# Striking Angles....



## Bammx2 (May 26, 2005)

I had a wonder recently(and I apologies if this has been posted already)

And got thinking about all the different strinking angles that different systems have and was wondering.....

How many does your particular system have and do you prefer any variations on them?

In Rapid Arnis we have 12.
In the Kali system I did back home,there was 9 and sometimes I combine aspects of both.

Also,
I was told there are some systems that have up to 36.
Does anybody know if such a critter actually exsists?
I mean,good lord....thats a whooped up indivual,right there!

Anyway...

 I thank you all for your input!

:asian:

MABUHAY


----------



## Andrew Green (May 26, 2005)

I wouldn't think too much about the angles...  Really you got a unlimited number and should take whatever angle is most available.  The 12, or 36, or whatever are just a basic way to practice striking from a number of different angles and the mechanics behind them. 

 Strike at any angle you like, so long as it benefits you and not him.


----------



## Bammx2 (May 26, 2005)

Andrew Green said:
			
		

> I wouldn't think too much about the angles... Really you got a unlimited number and should take whatever angle is most available. The 12, or 36, or whatever are just a basic way to practice striking from a number of different angles and the mechanics behind them.
> 
> Strike at any angle you like, so long as it benefits you and not him.

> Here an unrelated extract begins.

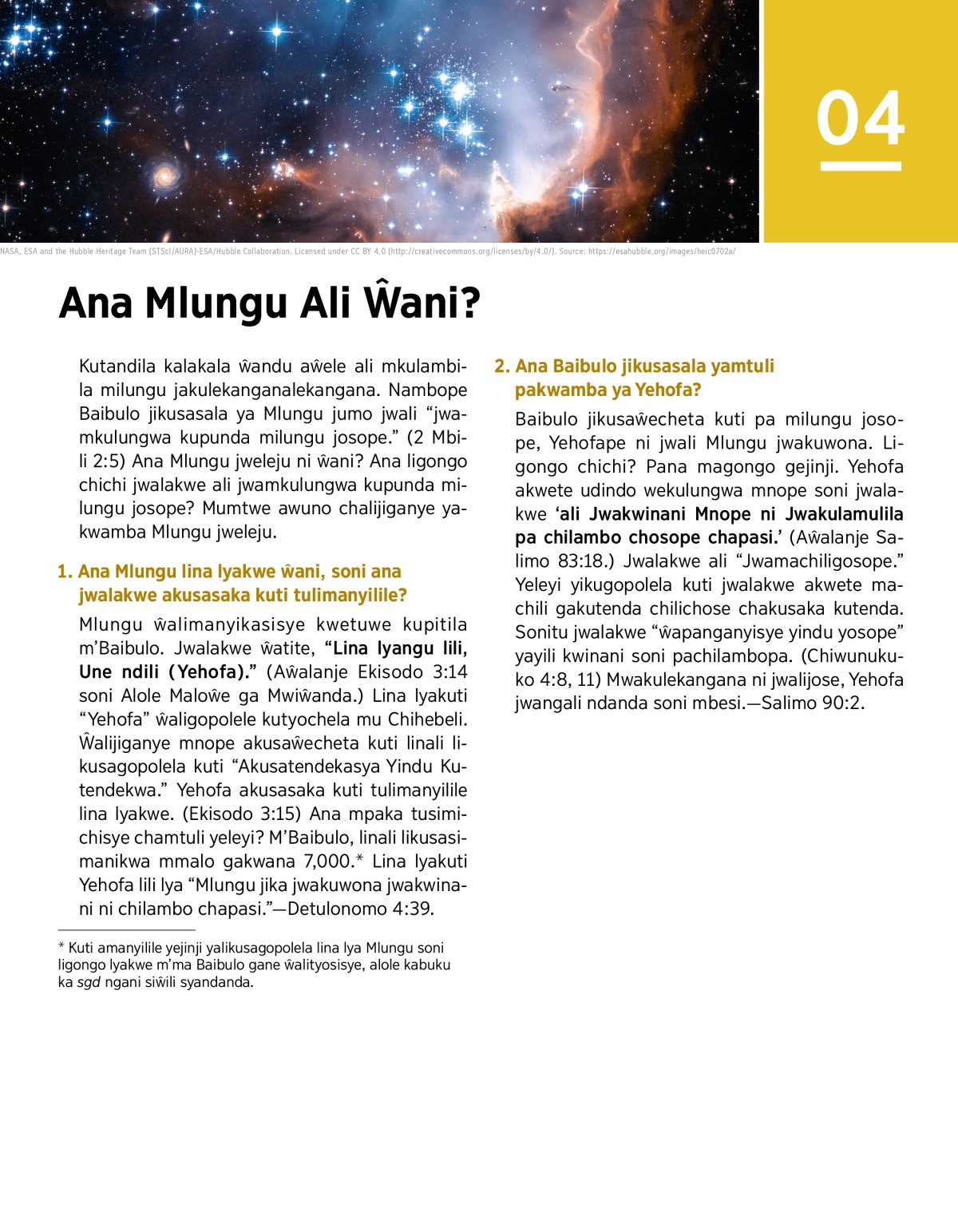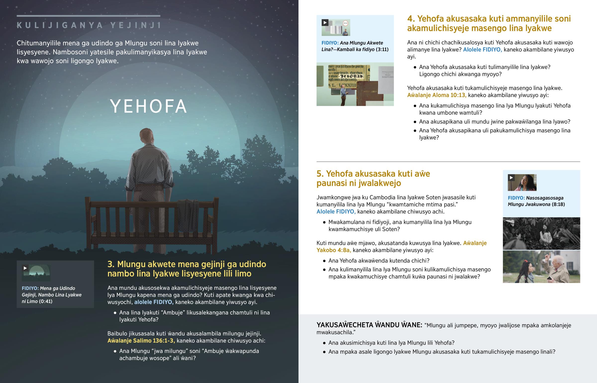 Mlungu ŵalimanyikasisye kwetuwe kupitila m’Baibulo. Jwalakwe ŵatite, “Lina lyangu lili, Une ndili (Yehofa).” (Aŵalanje Ekisodo 3:14 soni Alole Maloŵe ga Mwiŵanda.) Lina lyakuti “Yehofa” ŵaligopolele kutyochela mu Chihebeli. Ŵalijiganye mnope akusaŵecheta kuti linali likusagopolela kuti “Akusatendekasya Yindu Kutendekwa.” Yehofa akusasaka kuti tulimanyilile lina lyakwe. (Ekisodo 3:15) Ana mpaka tusimichisye chamtuli yeleyi? M’Baibulo, linali likusasimanikwa mmalo gakwana 7,000.a Lina lyakuti Yehofa lili lya “Mlungu jika jwakuwona jwakwinani ni chilambo chapasi.”—Detulonomo 4:39.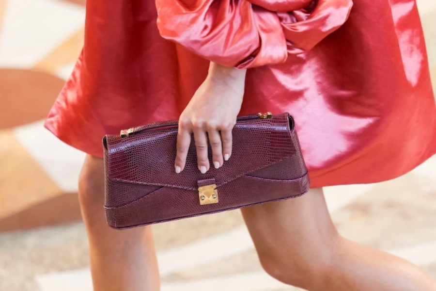 信封形手袋选用珍稀皮革,尽显知性优雅。

I am completley with you on that one!

 I am only asking for purely informational purposes only.
I am more than happy where I am.
 But all the different families and clans and what not...
I'm just curious.....
and nosey


----------



## Blindside (May 26, 2005)

My Serrada instructor used 14 basic attacks, my Inosanto-blend was 12.  My Pekiti-Tersia instructor uses "64 attacks" as the basis of instruction, but that isn't just striking angles as it includes defensive actions as well.  

Lamont


----------



## Wes Tasker (May 26, 2005)

Pekiti Tirsia has an interesting progression as far as angles of attack go...  

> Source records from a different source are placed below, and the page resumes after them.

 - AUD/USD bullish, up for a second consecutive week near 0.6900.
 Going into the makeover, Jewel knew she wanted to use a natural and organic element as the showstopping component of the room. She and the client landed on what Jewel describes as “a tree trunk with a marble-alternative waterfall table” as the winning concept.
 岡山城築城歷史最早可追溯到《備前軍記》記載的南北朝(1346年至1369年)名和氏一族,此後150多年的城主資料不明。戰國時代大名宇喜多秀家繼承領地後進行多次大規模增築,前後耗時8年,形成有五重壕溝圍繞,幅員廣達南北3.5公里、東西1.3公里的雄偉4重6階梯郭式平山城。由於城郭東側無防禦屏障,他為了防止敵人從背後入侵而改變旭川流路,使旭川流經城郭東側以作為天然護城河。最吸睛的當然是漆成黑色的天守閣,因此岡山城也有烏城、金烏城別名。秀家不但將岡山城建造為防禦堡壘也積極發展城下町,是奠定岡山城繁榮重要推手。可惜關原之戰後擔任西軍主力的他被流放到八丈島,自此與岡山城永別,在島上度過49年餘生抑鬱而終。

One would traditionally start out with the "Sabay Sabay Nga Sugod" which are 6 categories of strikes - jab, slash, takedown, overhead, uppercut, and close spacing.  These teach basic body mechanics, strike characteristics (i.e. - a jab just hits the target and withdraws, where a slash goes through the target and withdraws, overhead combines a counter-offensive move in the middle of two strikes, takedown teaches to do a baiting type strike followed by a hand hit...), etc.

Then one progresses to the "Abcedario".  There are 12 sets of 12 of these.  Instead of being 144 strikes divided into a myriad of angles, these are two base sets of 12 (forward and reverse) with the mechanic changed in the subsequent sets of 5 pairs.  So the pairs are as follows:
Set 1 & 2 - standard grip
Set 3 & 4 - double force (using your other hand to push along the strike)
Set 5 & 6 - punyo (using the butt of the stick)
Set 7 & 8 - hooking (using the butt of the stick to move your opponent)
Set 9 & 10 - reverse (holding the stick in reverse grip)
Set 11 & 12 - bayonet (holding the stick at both ends)

Then one would learn "Limang Sugod" or the five attacks.  These are diagonal attacks done either broken (hits and rechambers with a half-beat thrust), fluid (hits through target), circular (hits through target with a counter-offensive umbrella and then attacks the knees).  Then you learn to do them reverse fashion - which basically means you learn to throw a #1 (a forehand diagonal to the clavicle/head) from the backhand chamber.  So in the end, you learn to throw a strike from either chamber in any of the three flavors - broken, fluid, circular.

Lastly are the first set of 12 "Seguidas" that teach you to throw strikes in a very tight and narrow space.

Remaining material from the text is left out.